:: Stored data ::
:::

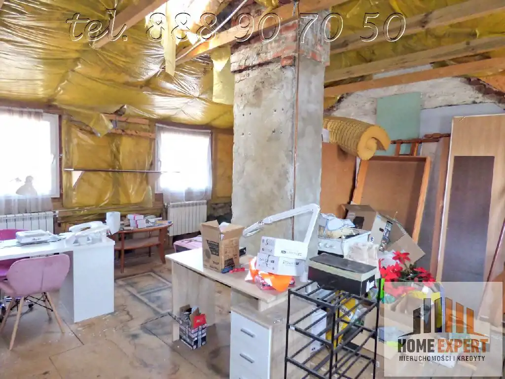 Nieruchomość o powierzchni użytkowej 86,05m2 składa się z wysokiego parteru, na którym znajdują się ganek, dwa ustawne pokoje z jednym z wyjściem na taras, kuchnia oraz WC, a także piętra ze strychem do własnej aranżacji z możliwością wydzielenia dwóch dodatkowych pokoi, co daje duży potencjał rozbudowy przestrzeni mieszkalnej;
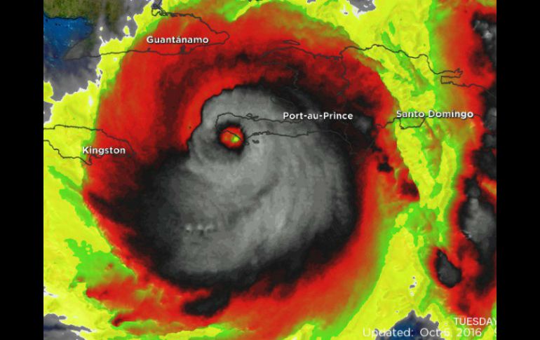 MIAMI, ESTADOS UNIDOS (05/OCT/2016).- El huracán “Matthew”, que tras su paso por Haití y Cuba con categoría cuatro descendió este miércoles a categoría tres, ha sido catalogado como una tormenta monstruosa, y ahora una imagen en donde semeja un cráneo se ha vuelto viral en internet. La imagen satelital fue publicada el martes por el meteorólogo Stu Ostro de The Weather Channel, cuando el huracán tocó tierra en Haití. Se añadieron colores a las imágenes para ayudar a los meteorólogos a encontrar las partes más intensas del fenómeno meteorológico. La imagen muestra el huracán a través de una cámara de visión infrarroja que fue ajustada para mostrarlo en colores que destacan su forma, lo que permitió que pudieran apreciarse unos dientes como los del personaje del cómic "Ghost Rider", o también parecidos a los del "Grinch". Paul Meyer, científico atmosférico de la Oficina de Ciencias de la Tierra de la NASA, dijo a CNN que los "dientes" del cráneo son en realidad frías nubes convectivas. “Matthew” es el huracán más poderoso que ha atravesado el Caribe en la última década y hasta el momento ya dejó 11 muertes a su paso por Haití, Cuba, República Dominicana y San Vicente.
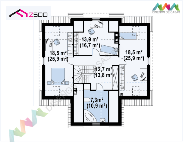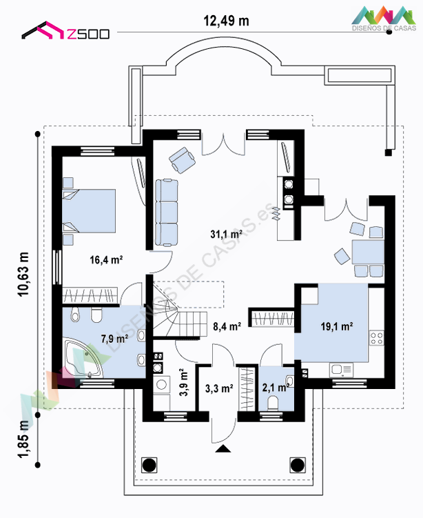 Modelo Casa Besaya Z9 esta diseñado para parcela pequeña. La casa fue diseñada de una manera que se refiere al estilo señorial, que se caracteriza por una entrada central en un tímpano sostenido por columnas, colores tenues, detalles decorativos, cornisas. El cuerpo simétrico y compacto está cubierto con una cubierta a dos aguas, lo que simplifica la implementación.
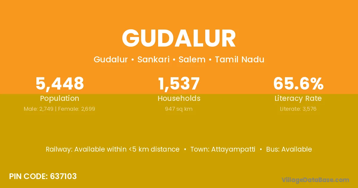 The literacy rate of Gudalur village is 61.69%. Male literacy stands at 72.85% and female literacy at 50.00%.
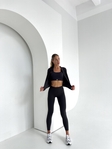 Легінси з високою посадкою підкреслюють силует, топ ідеально тримає форму, а легка кофта додає завершеності образу.
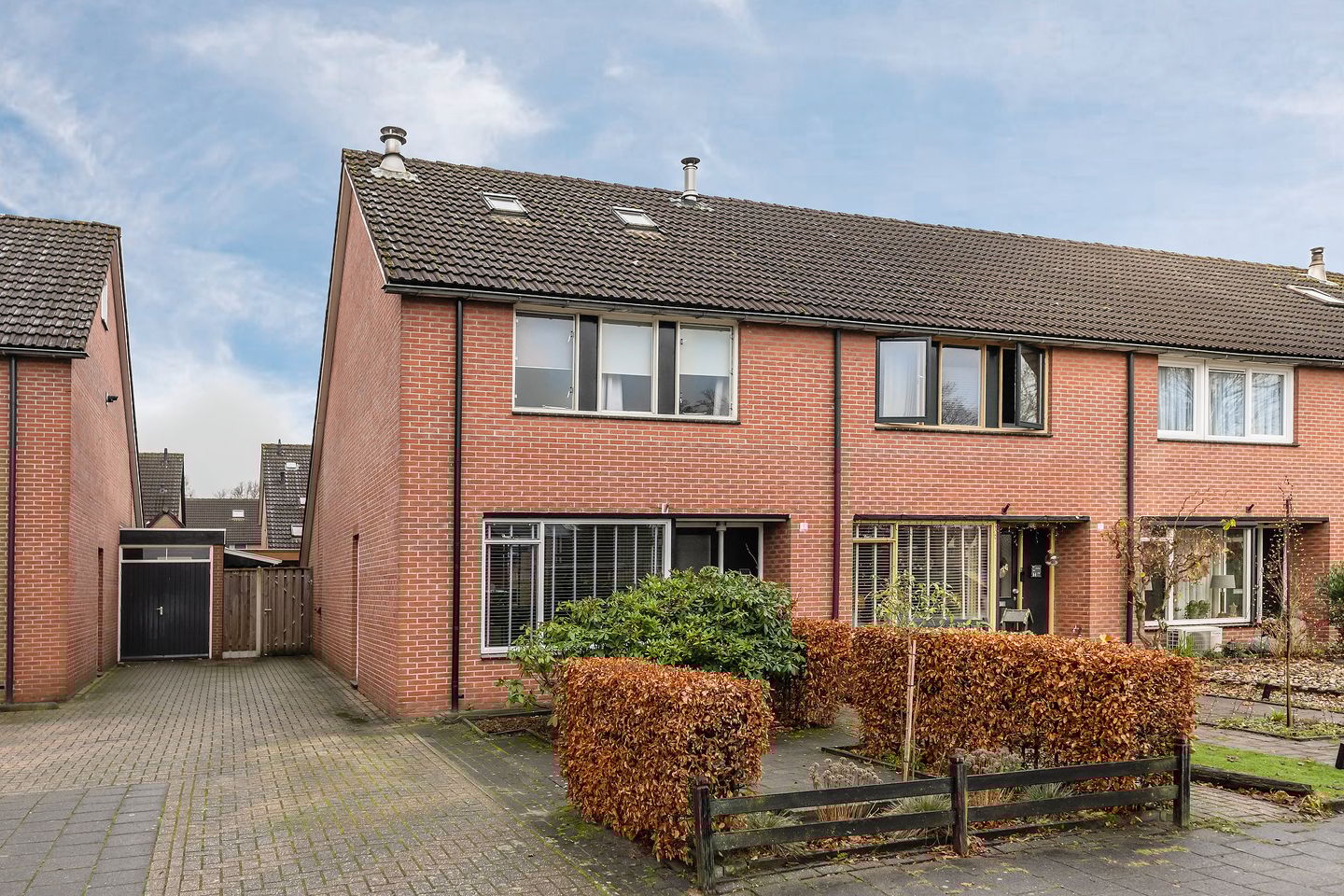 Parkeren, geen probleem want je hebt je eigen oprit. Deze oprit is afgesloten door een poort waardoor de achtertuin een veilige plek is voor kinderen.
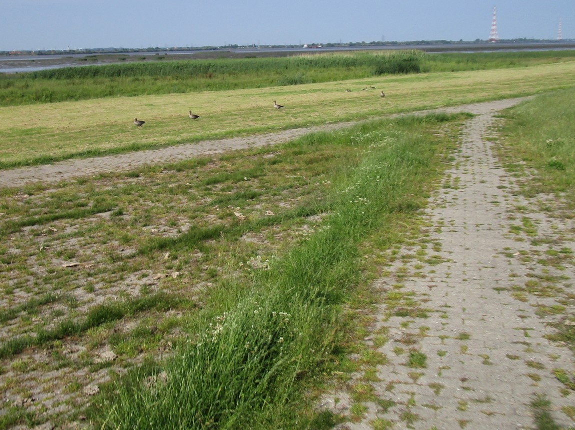 Was tut der Mensch … – links Kiesdepot mit Lenkbuhne, rechts Radler.
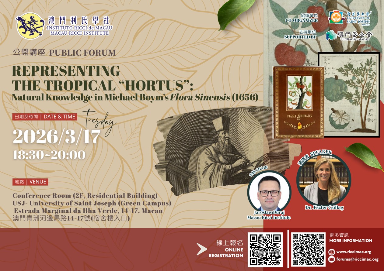澳門利氏學社於3月17日18:30至20:00舉辦公開講座“呈現熱帶 「園囿」:卜彌格《中國植物志》(1656)中的自然知識”。
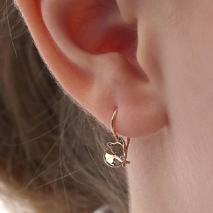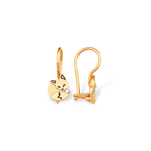 —Серьги «Лисички» из красного золота 585 пробы с фианитами
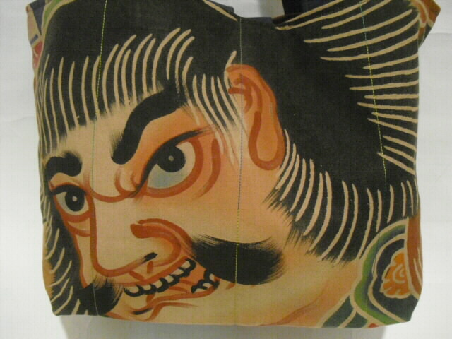 古布の武者絵幟旗を染色して手さげバックへリメイクしました。古布の幟旗は大変、希少価値の高い素材です。周りの視線を惹きつける個性的なデザイン♪表と裏は、違った絵柄になっていますので両面で違う表情も楽しめます。
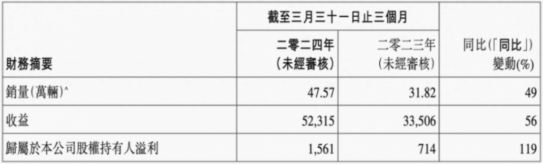 此外,吉利汽車也披露了附屬公司極氪的財務表現概要。財報顯示,極氪第一季度交付3.3萬輛,同比增長117%;實現營收147億元,同比增長71%;毛利為18億元,同比增長137%;毛利率達12.3%,較2023年的8.9%上漲3.4個百分點。
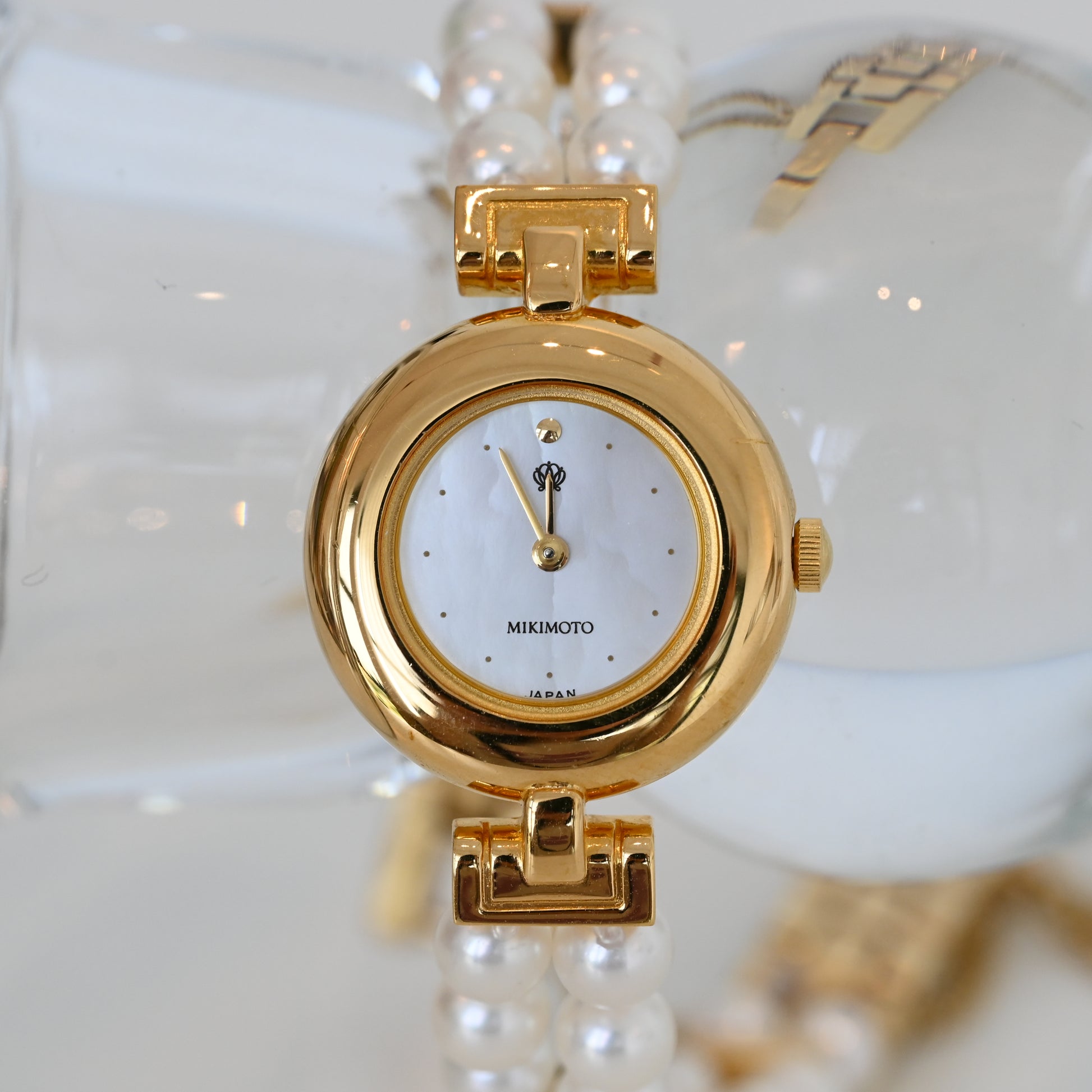The watch features a delicate round case finished in gold tone and a soft mother-of-pearl dial that reflects light beautifully. Its most distinctive feature is the double-strand pearl bracelet, which gives the watch the look and feel of a refined jewelry bracelet rather than a typical wristwatch. Inside, it runs on a reliable quartz movement, offering both precision and easy maintenance.
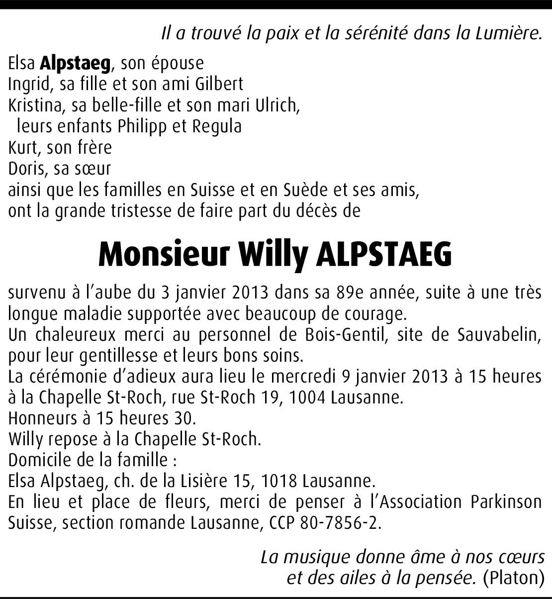 Vous souhaitez rester informé des nouveaux avis et condoléances pour ce défunt ?
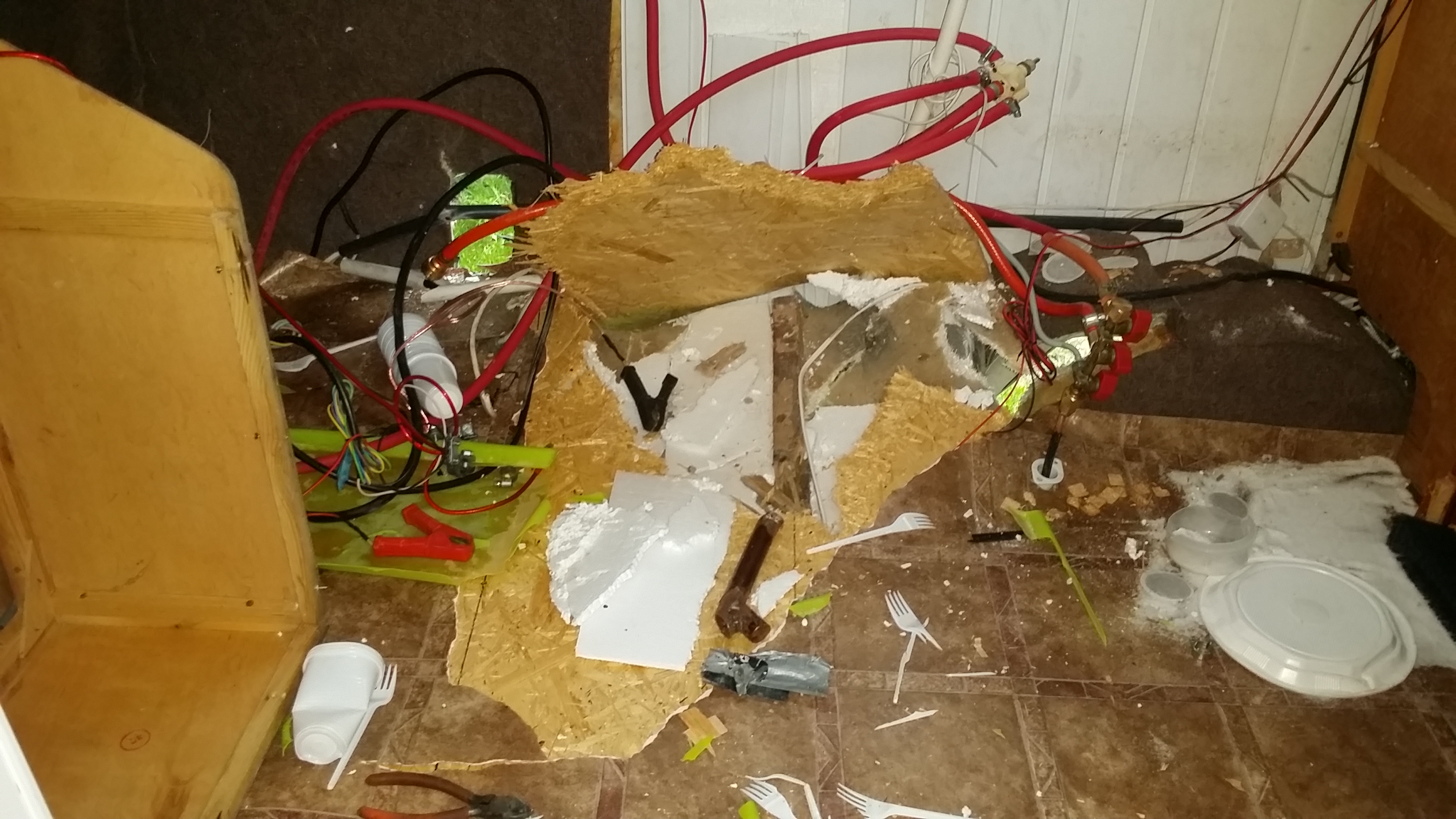 Jak nie wszyscy może wiedzą wyruszając na Zlot do Sielpii moja cepka uległa w pewnym stopniu zniszczeniu. Odkrecone kolo narobiło spustoszenia w postaci zniszczonych mebli uszkodzonego bojlera Trumy jak również lodówki. Nie mówiąc już o obszernym uszkodzeniu laminatu. Moja podróż przyczepa skończyła się na szczęście blisko domu wiec jednym z plusów było to ze po zakręconiu koła odstawiłam ja na podwórko. Ciekawym jest ze koła szukałem po uszkodzeniu około 2-3h dziś po przyjeździe z Sielpii kolejna godzinę-Alu koła nie znalazłem. ..
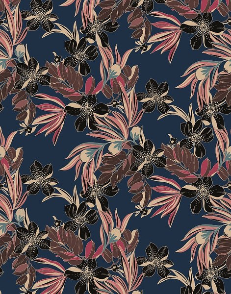 Zestawienie granatowego tła z czarnymi kwiatami wcale nie przytłacza dzięki przepleceniu ich z takimi kolorami jak czekoladowy brąz, malina i pudrowy róż. Ciepłe barwy na długo będą cieszyć oczy dzięki wysokiej odporności na działanie promieni słonecznych. Stworzy efektowną przestrzeń w domu, biurze lub restauracji.
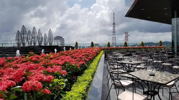 1. Vị trí đắc địa: Sky Bar Huế nằm trên tầng cao nhất của Vinpearl Huế, tòa nhà cao nhất thành phố, sở hữu tầm nhìn ấn tượng với cảnh đẹp từ trên cao.
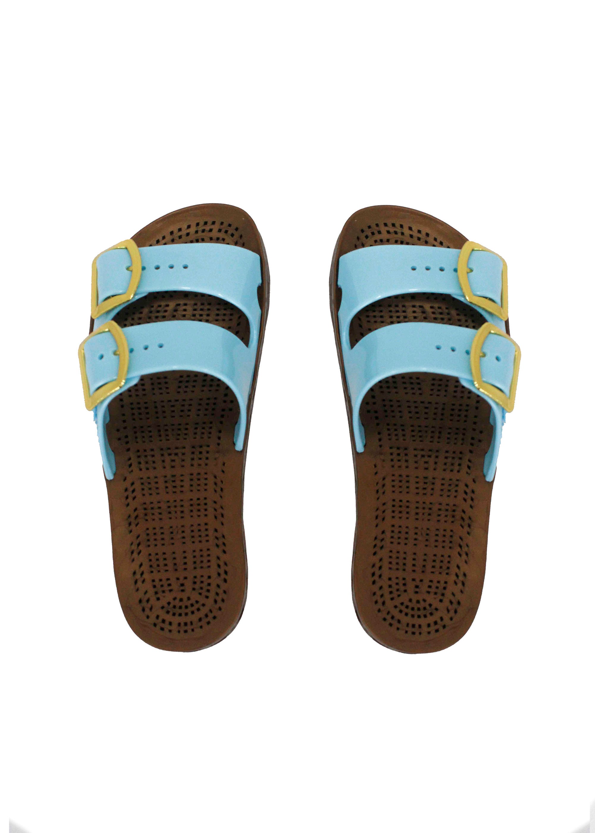 The Prestige Celeste Double Band Children's Sandal by Sensi Kids, available on Florence Kids, combines elegance and practicality. Made of soft light blue rubber, it features adjustable buckles that guarantee a perfect fit. The simple and elegant design, enriched by a soft rubber finish, makes it versatile for any occasion, from casual to more sophisticated clothing. The non-slip sole and perforated tread make the sandal the ideal choice for the summer while the pull-on design makes it easy and practical to wear. It is ideal for wearing with a light dress or a more structured ensemble such as capri pants and a patterned blouse.
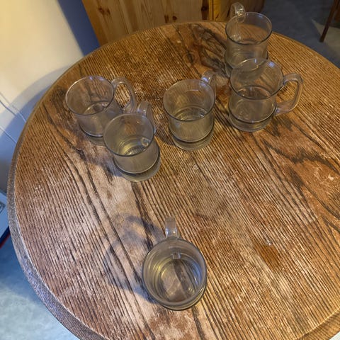 Gløggsett i keramikk i mørkegrønn farge. Settet består av en gløgg gryte med stativ for varme-kilde, 6 kopper med hank og en skål i samme serie. Keramikkmaterialet holder godt på varmen og er enkelt å rengjøre etter bruk.

:::

:: Activity ::
Taking the entries above, copy word for word the lines from the one with "Zestawienie granatowego tła" up to and including the one with "1. Vị trí đắc", without any picture.

:: Exercise answer ::
 Zestawienie granatowego tła z czarnymi kwiatami wcale nie przytłacza dzięki przepleceniu ich z takimi kolorami jak czekoladowy brąz, malina i pudrowy róż. Ciepłe barwy na długo będą cieszyć oczy dzięki wysokiej odporności na działanie promieni słonecznych. Stworzy efektowną przestrzeń w domu, biurze lub restauracji.
 1. Vị trí đắc địa: Sky Bar Huế nằm trên tầng cao nhất của Vinpearl Huế, tòa nhà cao nhất thành phố, sở hữu tầm nhìn ấn tượng với cảnh đẹp từ trên cao.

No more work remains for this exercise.